Membrane-Suspended Nanopores in Microchip Arrays for Stochastic Transport Recording and Sensing

www.frontiersin.orgTim Diederichs www.frontiersin.orgRobert Tampé*
  • Institute of Biochemistry, Biocenter, Goethe University Frankfurt, Frankfurt, Germany

The transport of nutrients, xenobiotics, and signaling molecules across biological membranes is essential for life. As gatekeepers of cells, membrane proteins and nanopores are key targets in pharmaceutical research and industry. Multiple techniques help in elucidating, utilizing, or mimicking the function of biological membrane-embedded nanodevices. In particular, the use of DNA origami to construct simple nanopores based on the predictable folding of nucleotides provides a promising direction for innovative sensing and sequencing approaches. Knowledge of translocation characteristics is crucial to link structural design with function. Here, we summarize recent developments and compare features of membrane-embedded nanopores with solid-state analogues. We also describe how their translocation properties are characterized by microchip systems. The recently developed silicon chips, comprising solid-state nanopores of 80 nm connecting femtoliter cavities in combination with vesicle spreading and formation of nanopore-suspended membranes, will pave the way to characterize translocation properties of nanopores and membrane proteins in high-throughput and at single-transporter resolution.

Introduction

Nanopores are holes with diameters of a few nanometers that already found multiple applications in basic research and industry facilitating our daily life. They are used for water desalination (O’Hern et al., 2015; Amadei et al., 2017), filtering of ions (Walker et al., 2017; Caglar et al., 2020), gas separation (Dong et al., 2016; Park et al., 2017), biological analysis (Miles et al., 2013), DNA/RNA sensing (Wanunu et al., 2010; Riedl et al., 2015; Xi et al., 2016; Shang et al., 2018), and detection of diverse analytes of biomedical and environmental relevance (Litvinchuk et al., 2007; Howorka and Siwy, 2009; Movileanu, 2009; Reiner et al., 2012; Miles et al., 2013; Stoloff and Wanunu, 2013; Wang et al., 2013). The commercialization of DNA sequencing by Oxford Nanopore Technologies extended the field significantly (Cherf et al., 2012; Manrao et al., 2012; Deamer et al., 2016; Quick et al., 2016).

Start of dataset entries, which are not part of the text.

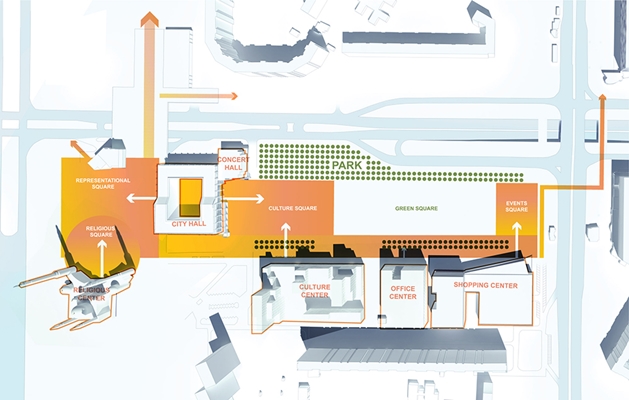 Het centrale Azatlyk-plein was ontworpen rond een centrale as, die het gemeentehuis moest verbinden met het Lenin-museum, dat nooit is gebouwd. Inmiddels had het zijn functie als sociale ontmoetingsplek verloren en was het eentonige plein niets meer dan een relict van de sovjetgeschiedenis.
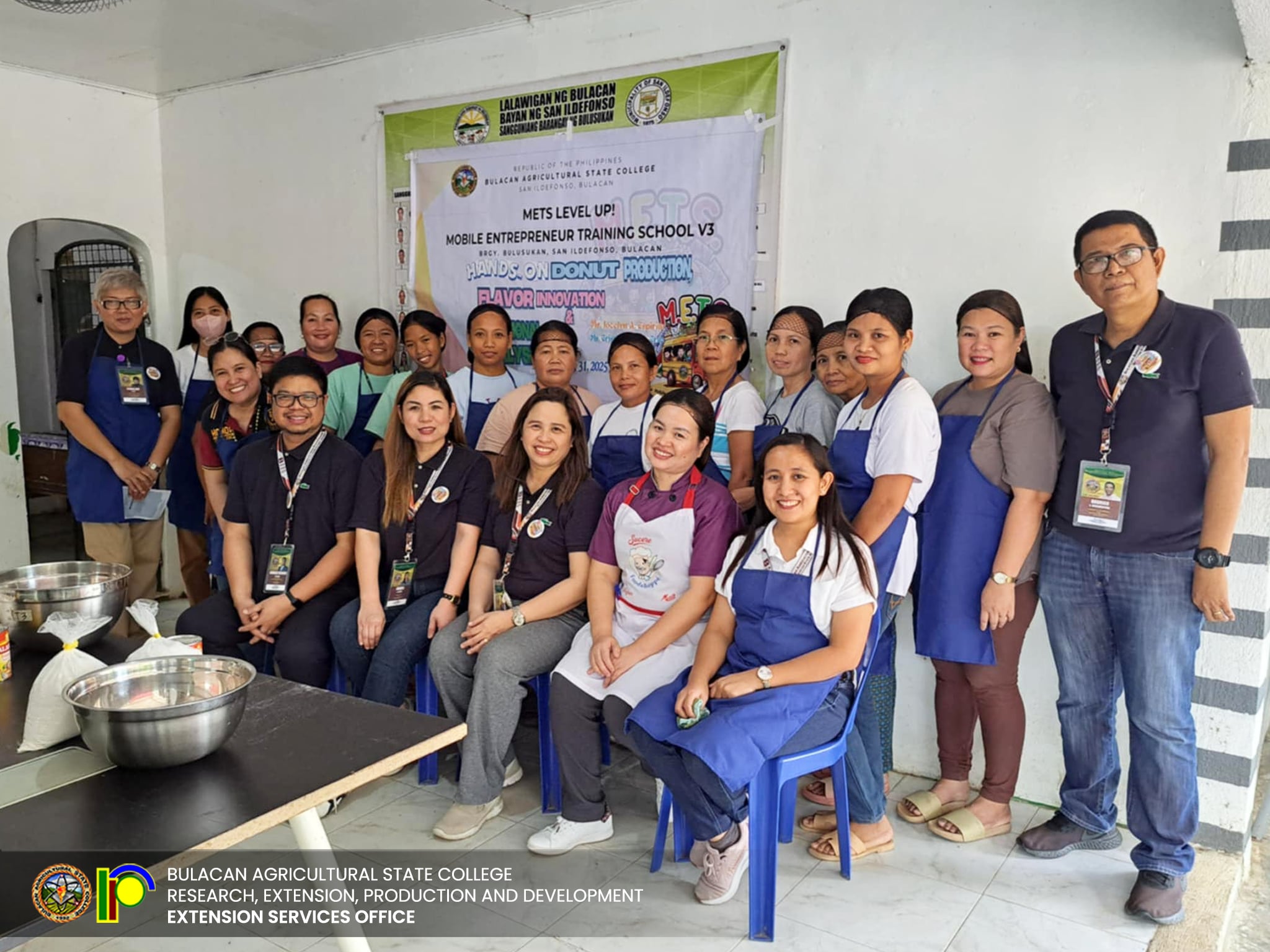 San Ildefonso, Bulacan – Rural Improvement Club members, women farmers, housewives, mother leaders and health workers honed their skills in donut production, flavor innovation, and nutritional analysis during a hands-on training session conducted by the project management team of “METS Level UP! Mobile Entrepreneurs Training School V3” today, January 31, 2025 at Bulusukan.
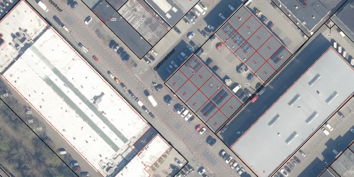 Het perceel waarop Mississippidreef 20-A staat heeft een oppervlakte van 3040 m². Dit is een zeer groot perceel. De perceeloppervlakte wordt geregistreerd door het Kadaster. Gedetailleerde informatie over de maten van dit perceel kunt u vinden in het rapport Kadastrale kaart met maatvoering van Mississippidreef 20-A.
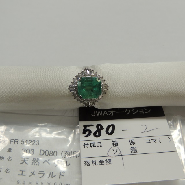 リング エメラルド ダイヤ Pt900 7.30g 中ソ 石目:E3.03 D0.80
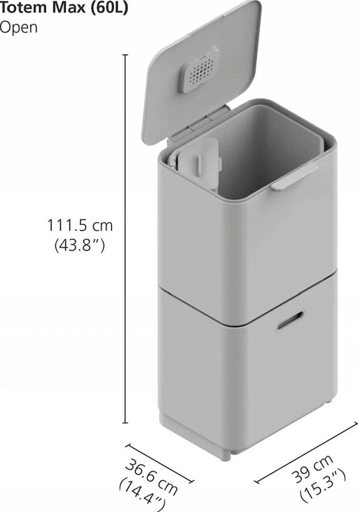 This Joseph Joseph Totem Max Waste & Recycling Bin in is a 60-liter capacity bin with two compartments for waste and recycling. It is square in shape, made of plastic material, and has a contemporary style with a white eggshell finish. The bin measures 18 inches in length, more than 24 inches in height, and 16 inches in width. It is free-standing and suitable for home organization in the kitchen or any household area.
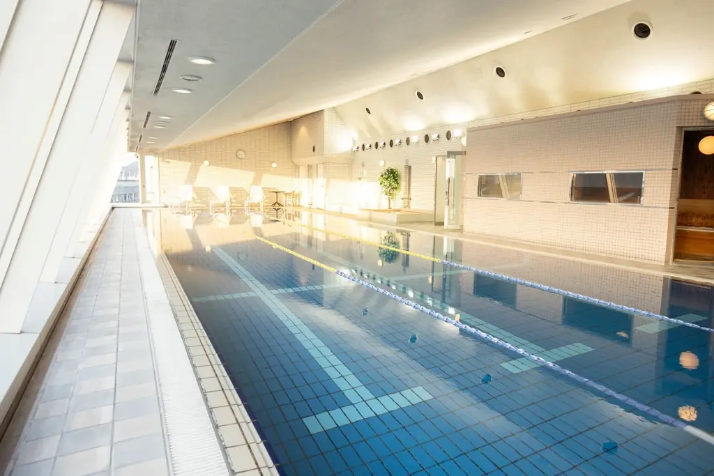 リゾートクラブでは自然光が差し込む温水プール、ジャグジー、サウナを利用できます。水着やゴーグルの無料貸出があり、手ぶらで立ち寄ることが想定されています。営業時間は6:30~22:00(最終受付21:00)です。

Nanopores can be classified into two groups based on their material and fabrication procedure: 1) membrane-embedded pores and 2) solid-state pores. The latter can be fabricated with tunable sizes in materials such as silicon derivatives (Li et al., 2003; Chang et al., 2004; Bafna and Soni, 2016; Deng et al., 2016), graphene (Merchant et al., 2010), molybdenum disulfide (MoS2) (Feng et al., 2015), as well as various polymers (Choi et al., 2019). In contrast, membrane-embedded nanopores are assemblies spanning biological or semifluid membranes, typically with diameters below 10 nm. They are compatible with cell, organelle, and liposome applications and possess a great potential for biological functions and interactions (Banghart et al., 2004; Volgraf et al., 2006; Howorka, 2017). Nevertheless, the number of channels per square area cannot be controlled precisely, and they lack the chemical and environmental stability of their solid-state counterparts (Wanunu et al., 2010; Wang et al., 2011; Yusko et al., 2011; Wei et al., 2012a; Traversi et al., 2013; Heerema and Dekker, 2016; Ding et al., 2020). By reducing the bilayer patches (Urban et al., 2014) and using polymerized lipids (Daly et al., 2006; Heitz et al., 2010) or amphiphilic polymers (Meier et al., 2000; Nardin et al., 2000), the stability of membrane nanopores can be increased.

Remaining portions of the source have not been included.